Worker Nodes: The worker nodes follow the instructions from the coordinator service layer and execute data manipulation language (DML) commands. Due to the separation of computing and storage, these nodes are stateless in nature. When deployed on Kubernetes, the worker nodes facilitate disaster recovery and system scale-out.
Storage: Responsible for data persistence, the storage layer consists of meta storage, log broker, and object storage. Meta storage stores snapshots of metadata, such as message consumption checkpoints and node status. On the other hand, object storage stores snapshots of index files, logs, and intermediate query results. The log broker functions as a pub-sub system supporting data playback and recovery.
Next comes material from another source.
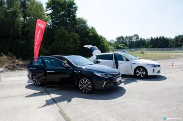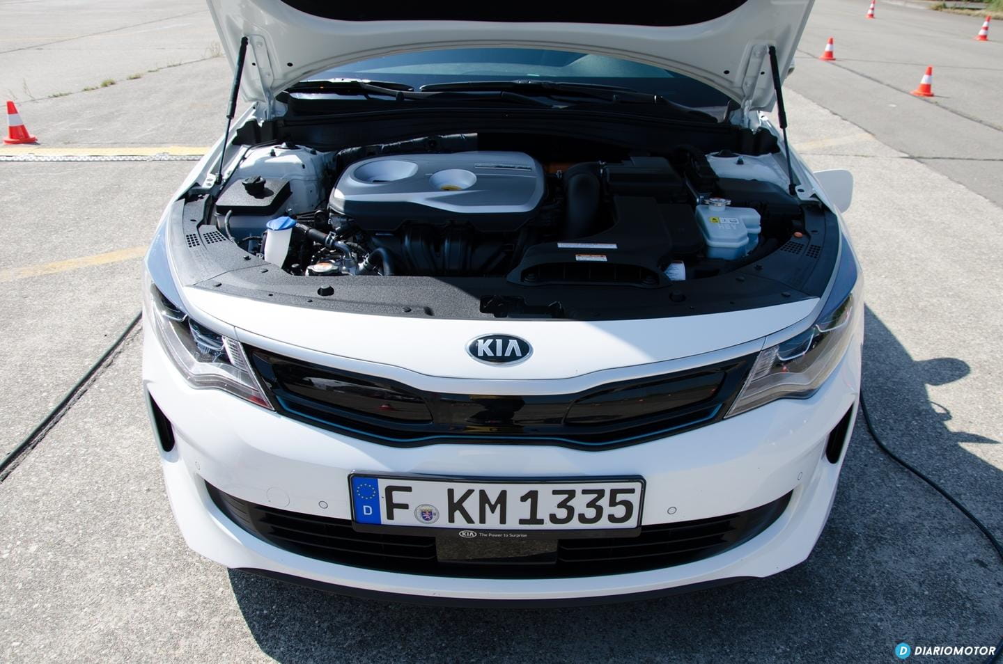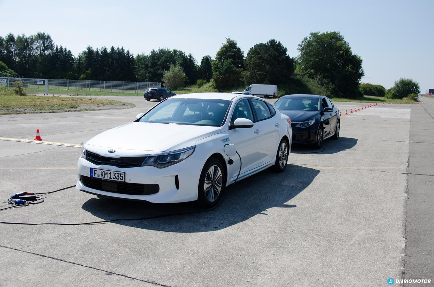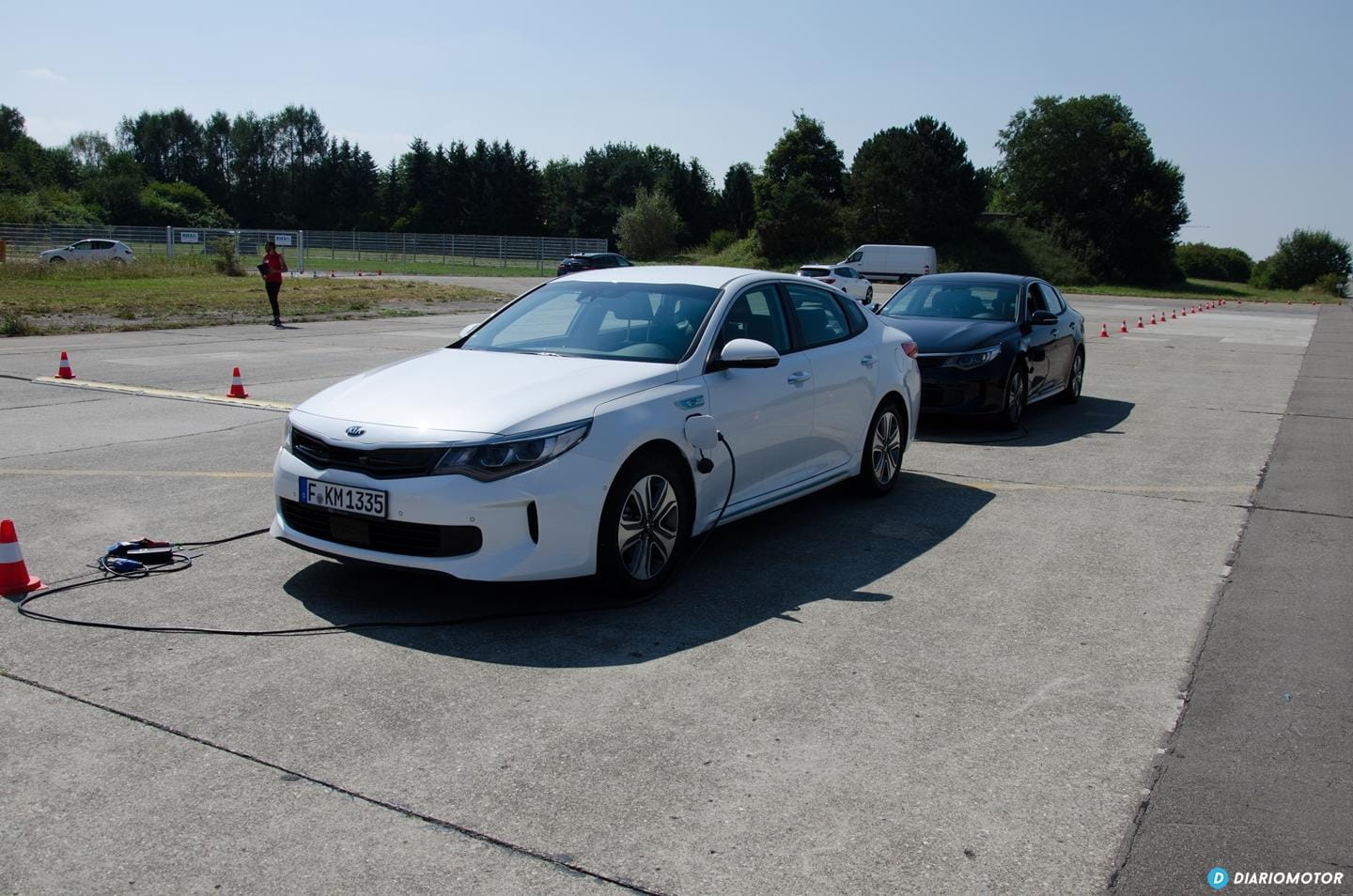 En este mismo circuito pudimos probar brevemente el Kia Optima PHEV para realizar un ensayo de conducción eficiente que nos sirvió para conocer cuándo y cuánto trabaja el motor eléctrico. El sistema híbrido enchufable desarrollado por Kia consta de un motor eléctrico de 50 kW de potencia máxima, un motor 2.0 gasolina atmosférico de 156 CV y unas baterías de polímero de litio con 9,8 kWh de capacida. El trabajo del sistema híbrido y sus diferentes modalidades recae en un cambio automático de doble embrague con seis relaciones. El resultado de este sistema es híbrido es una berlina que puede recorrer hasta 54 kilómetros en modo eléctrico y homologar un consumo de 1,6 l/100 Km según ciclo NEDC.

Even in a minimal standalone Milvus deployment. We need an OSS service like Minio or S3, A etcd standalone cluster and a milvus instance. It’s quite complex architecture and mainly deployed and used on K8S.

Summary

	Elasticsearch	Milvus
Complexity	Simple, only master nodes and data nodes.	Complex, require OSS, etcd and different types of milvus nodes. But can be deployed by using Amazon EKS.
Potential Bottleneck	As the increase of the number of Elasticsearch cluster. We may need more replicas to balance the query for avoiding hot zone.	Etcd requires high performance disk for better serving metadata. It could be a bottleneck when the query increases. Files on object storage need to be pulled to the local disk and eventually loaded into memory for querying. If this process switches frequently, the performance may not necessarily be good.
Scaling	Require blue-green deployment to get the online cluster to be scaled	Easy to scale on k8s. The compute node instance number can be changed on demand.
Storage	Every data node’s hard disk. Require to add new data node to increase the storage. S3 is only used as the backup storage.	OSS based. S3 can be used for storage all the metrics.
AA Switch	Require two identical Elasticsearch cluster.	No need to AA switch. Just reload the query nodes or add more query nodes.
Upgrade	Same as the scaling.	Use helm command on k8s cluster.

Data Writing Flow

Index Flow in Elasticsearch

In this diagram, we can see how a new document is stored by Elasticsearch. As soon as it “arrives”, it is committed to a transaction log called “translog” and to a memory buffer. The translog is how Elasticsearch can recover data that was only in memory in case of a crash.

All the documents in the memory buffer will generate a single in-memory Lucene segment when the “refresh” operation happens. This operation is used to make new documents available for search.

Depending on different triggers, eventually, all of those segments are merged into a single segment and saved to disk and the translog is cleared.

This diagram shows the whole routine for a simple index request.

Data Writing Flow in Milvus

The picture above shows all the modules used in data writing. All the data writing requests are triggered in the SDK. The SDK send the request through the Load Balancer to the proxy node. The number of the proxy node instances could be varied. The Proxy node cached data and request the segment information for writing the data into the message storage.

Message storage is mainly a Pulsar based platform for persistence the data. It is the same as the translog in Elasticsearch. The main difference is that Milvus don’t need a MQ service in the frontend. You can directly write data through it’s interface. And don’t need bulk request in Elasticsearch.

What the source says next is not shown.